Our primary goal is a large-scale video dataset with a diverse vocabulary of labeled objects to evaluate trackers in the wild. This requires designing a strategy for (1) video collection, (2) vocabulary discovery, (3) scalable annotation, and (4) evaluation. We detail our strategies for (2–4) below, and defer (1) to Sect. 4.1.

Category Discovery. Rather than manually defining a set of categories, we discover an object vocabulary from unlabeled videos which span diverse operating domains. Our focus is on dynamic objects in the world. Towards this end, we ask annotators to mark all objects that move in our collection of videos, without any object vocabulary in mind.
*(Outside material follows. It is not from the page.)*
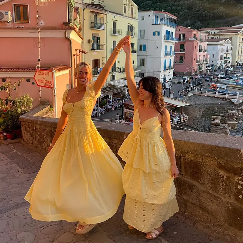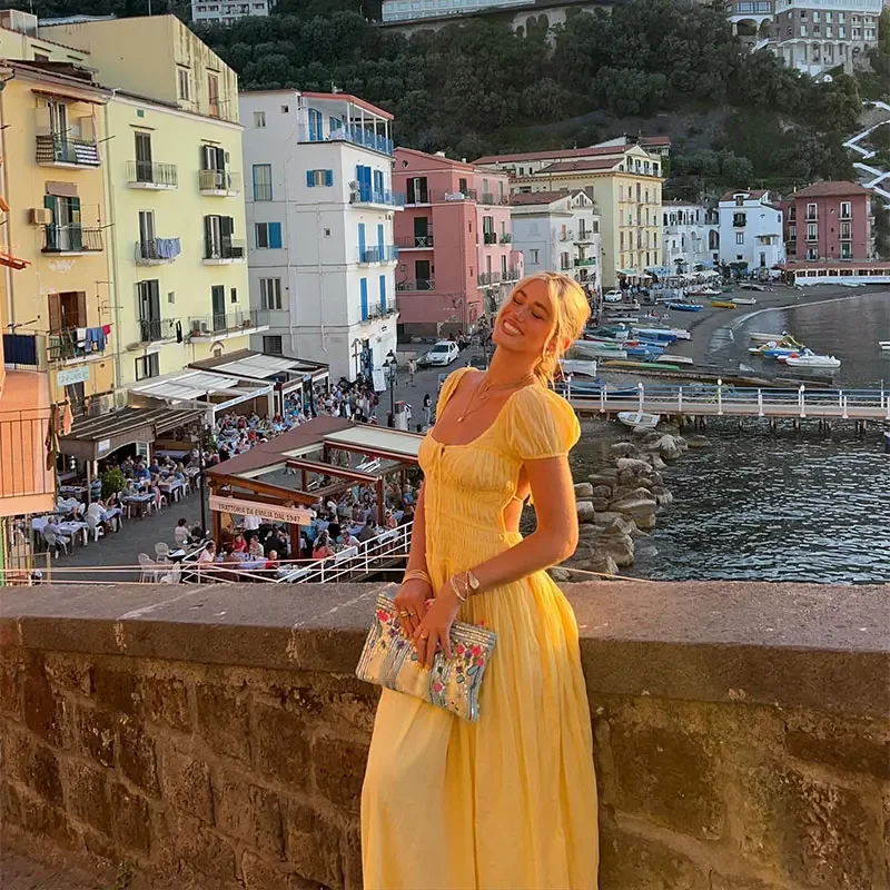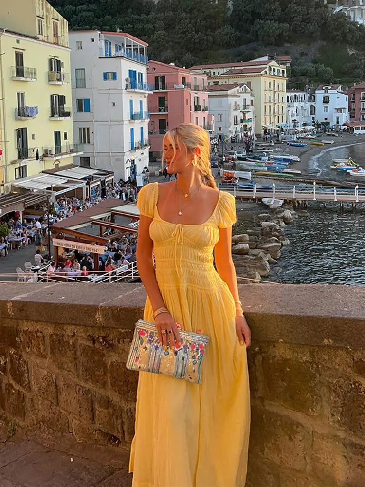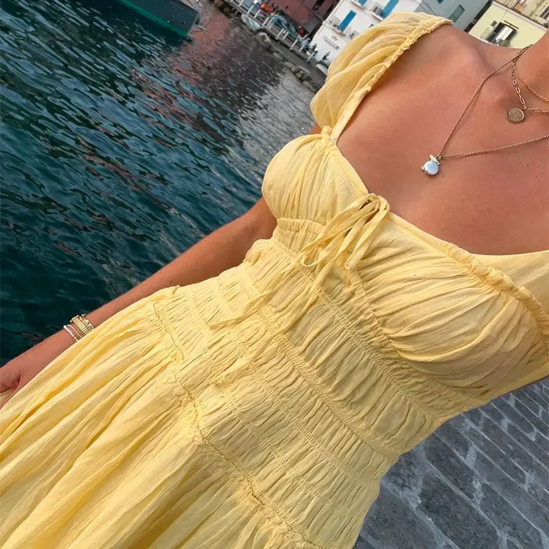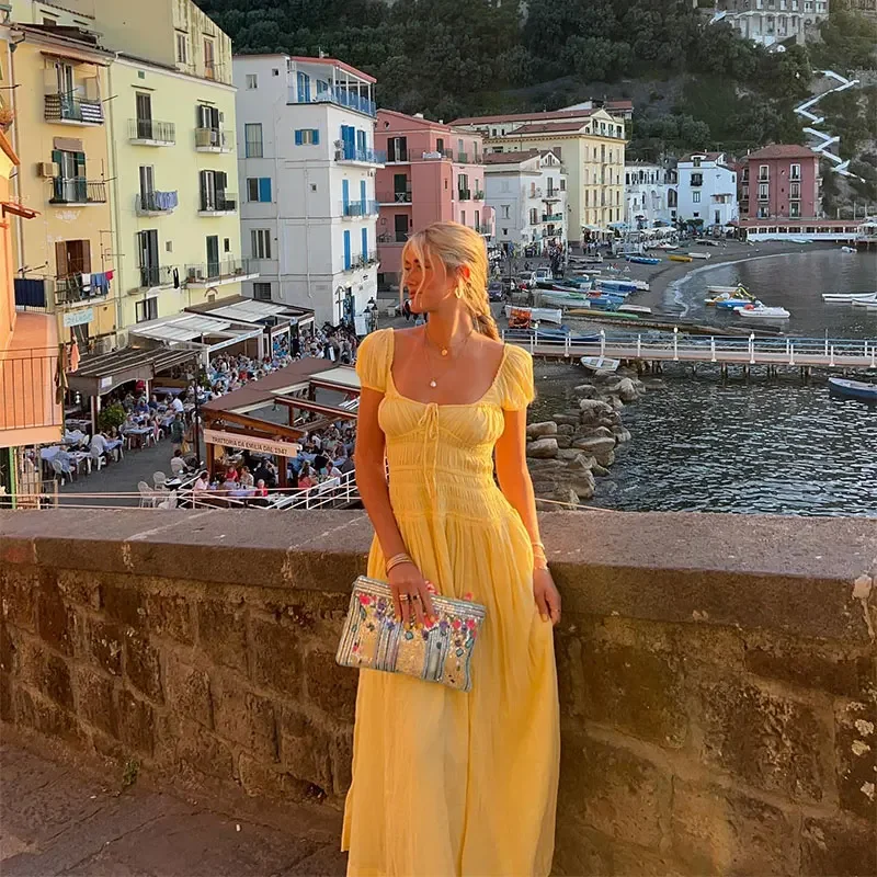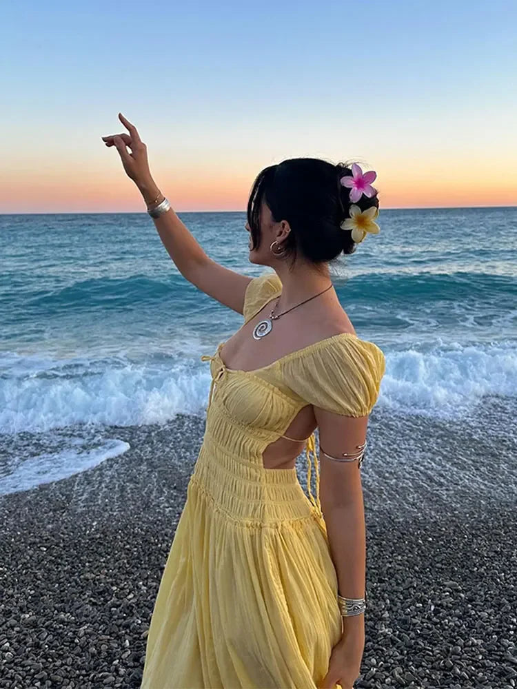 Summer Vacation Elegant Backless Square Neck Long Dress Sexy Lace Up High Waist Slim Dresses Lady Holiday Beachwear

We then construct a vocabulary by giving names for all the discovered objects, following the recent trend for open-world dataset collection  [27, 69]. In particular, annotators are asked to provide a free-form name for every object, but are encouraged to select a category from the LVIS  [27] vocabulary whenever possible. We detail this process further in Sect. 4.2.

Federation. Given this vocabulary, one option might be to exhaustively label all instances of each category in all videos. Unfortunately, exhaustive annotation of a large vocabulary is expensive, even for images  [27]. We choose to use our labeling budget instead on collecting a large-scale, diverse dataset, by extending the federated annotation protocol  [27] from image datasets to videos. Rather than labeling every video v with every category c, we define three subsets of our dataset for each category: \(P_c\), containing videos where all instances of c are labeled, \(N_c\), videos with no instance of c present in the video, and \(U_c\), videos where some instances of c are annotated. Videos not belonging to any of these subsets are ignored when evaluating category c. For each category c, we only use videos in \(P_c\) and \(N_c\) to measure the precision of trackers, and videos in \(P_c\) and \(U_c\) to measure recall. We describe how to define \(P_c\), \(N_c\), and \(U_c\) in Sect. 4.2.

Granularity of Annotations. To collect TAO, we choose to prioritize scale and diversity of the data at the cost of annotation granularity. In particular, we label tracks at 1 frame per second with bounding box labels but don’t annotate segmentation masks. This allows us to label 833 categories in 2,907 videos at a relatively modest cost. Our decision is motivated by the observation of  [55] that dense frame labeling does not change the relative performance of the methods.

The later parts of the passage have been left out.